I've spent most of my life pondering the significance of good and evil. The origin of evil became something of an obsession for me as an adult, after having seen its face close-up during my childhood in Romania under the Communists. Decades later, here in America, I came to a sense of resolution about what I'd suffered, and what I continued to see around me in the behavior of others -- and sometimes in my own behavior. I recognized how evil is actually a form of survival behavior. What enabled us to stay alive, prior to civilization, is now holding us back in our quest to make a better world. Evil is mostly a way of staying alive that doesn't work the way it once did.

This understanding of evil enabled me to strengthen my faith in God. I see Jesus, and other great spiritual teachers, as models for what we can become, by evolving beyond this kind of obsolete survival behavior. By imitating them, we become closer and closer to the ideal they represent. We diminish the evil, in favor of the good. Yet I've also come to realize that faith isn't fundamentally about morality. Being good isn't the goal. Getting closer to God is. Doing good is the outcome of faith, not the purpose of it. In a sense, faith is about going beyond good and evil.

If I'd heard you assert that only 10 years ago, I would have been wary. To say that we need to go beyond the categories of good and evil sounds suspiciously like a justification for moral relativism: there is nothing either good or bad, but thinking makes it so, said Hamlet, whose tragic flaw was over-thinking. Yet there was wisdom in what he said, going back to the Stoics. It isn't what happens to you that matters as much as how you react and what you think about it. Faith is a way of rising above behavior imposed on us through social conditioning. I had a conversation with an old friend, the Reverend Albert "Penny" Pennybacker, recounted in The Constant Choice, in which he told me:

Dogma is what kills Jesus. One of the repeated images in the New Testament was putting the needs of people ahead of the restrictions of the Sabbath. Religious perfection, according to the rules, is not the goal. It isn't about impressing God in order to get a reward. My job in life is to embody and act out the love of God, as I understand it. Love your neighbor. Love your enemies. Love everybody. Pray for your enemies. We love our enemies because God loves our enemies.
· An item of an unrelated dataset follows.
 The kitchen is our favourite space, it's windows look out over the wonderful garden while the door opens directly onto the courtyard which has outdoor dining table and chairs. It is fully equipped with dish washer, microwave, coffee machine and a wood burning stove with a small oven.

This is a radical way of rising above distinctions of good and evil. Dogma, for Penny, would dictate hard and fast rules about what a person should and shouldn't do and think. This is right; that is wrong. For him, faith was about putting all that behind you and replacing it with love, for neighbor, for your enemies, for the evildoers. Good and evil becomes irrelevant in the context of this higher love and wisdom. The point is to undergo a complete personal transformation, replacing various selfish pursuits with only one higher pursuit -- to will one thing, which is compassion. One outcome of that transformation is a new ease in doing what's right, simply because it's the only way to demonstrate the new sort of love that comes into your life through faith. When Jesus said, "judge not" he was essentially saying, go beyond your distinctions between good and evil and love everyone, as you would have them love you.
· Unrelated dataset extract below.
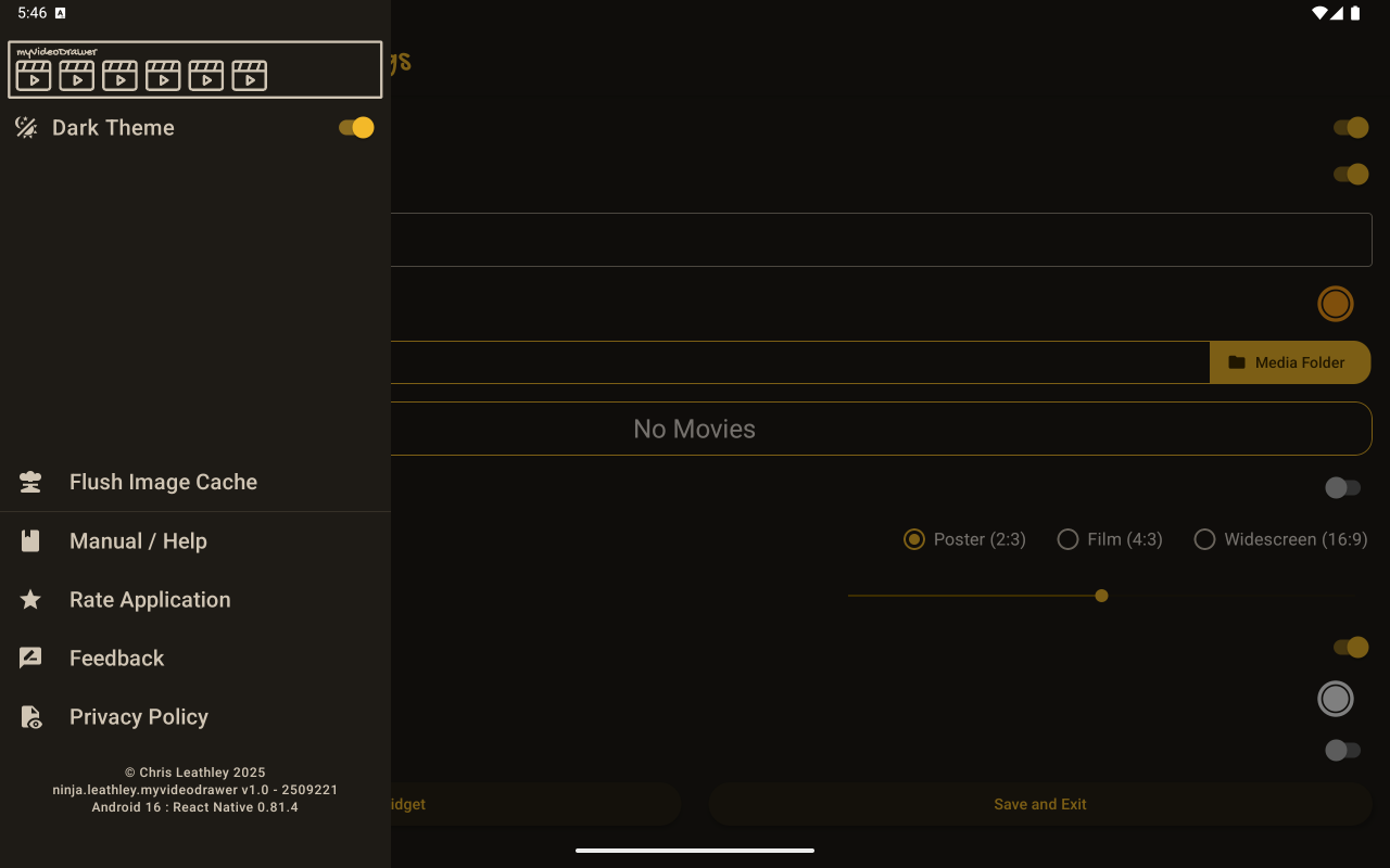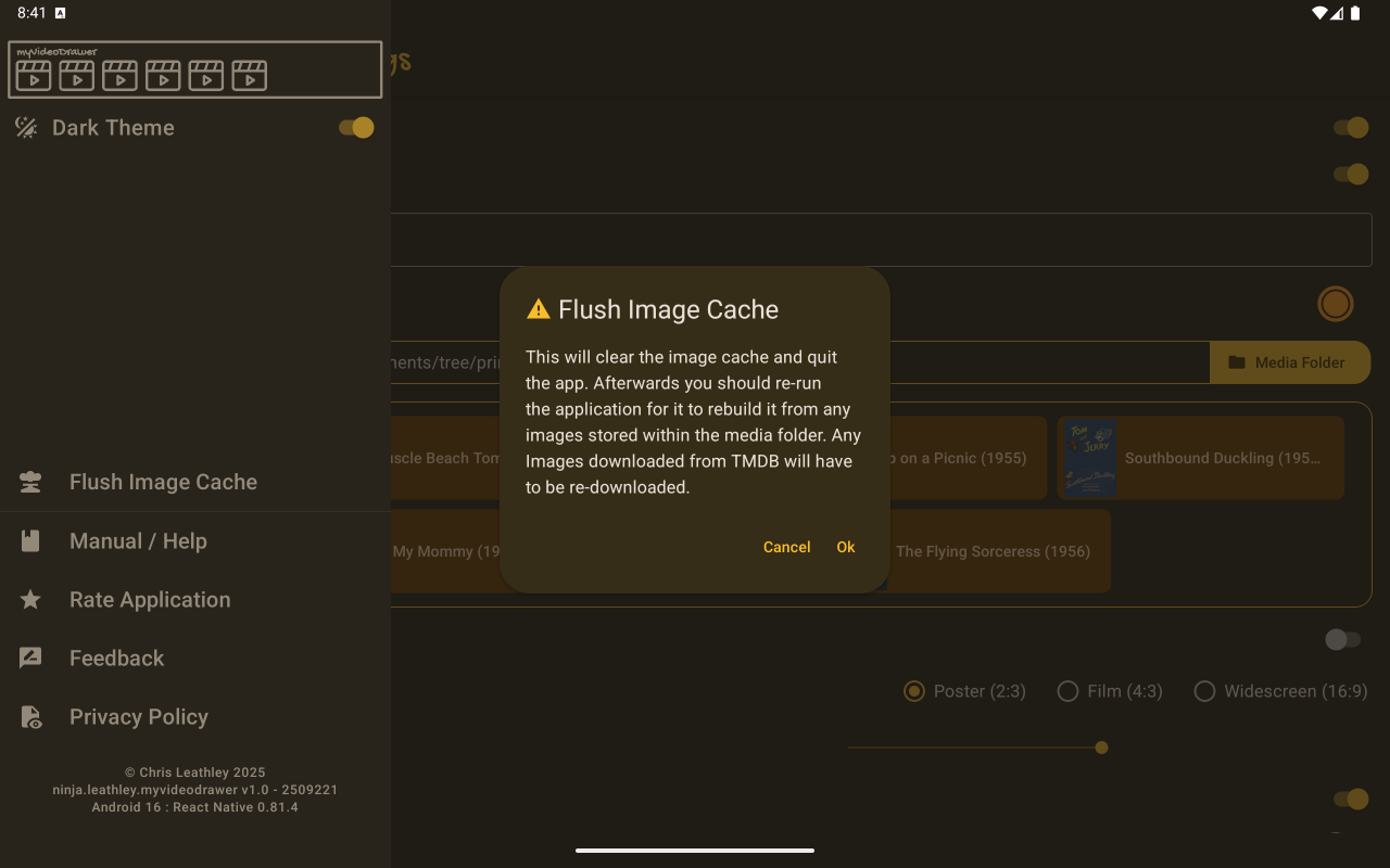 This brings up a confirmation dialog that allow you to clear the image cache. This will clear the cache and quit the app. Afterwards you should re-run the application for it to rebuild it from any images stored within the media folder. Any Images downloaded from TMDB will have to be re-downloaded.

This isn't the same as saying, forget about all those bourgeois rules of right and wrong and simply "do whatever you want." Instead, it reverses the common sense notion that if you do good long enough and often enough you will find a more blessed way of life. It's reversing the sequence. Find the blessing first, the love at the heart of it, and the goodness will follow of its own accord. Paradoxically, the good works happen naturally, if you quit trying to be good and simply focus on being closer to God. Evil, in a way, becomes almost irrelevant, because the compassion that governs your life sees evil not as something to be reviled but as an obstacle. To someone with faith, evil is little more than a distraction, a detour away from a selfless, more loving way to be human. Do you see faith's relationship to good and evil the same way?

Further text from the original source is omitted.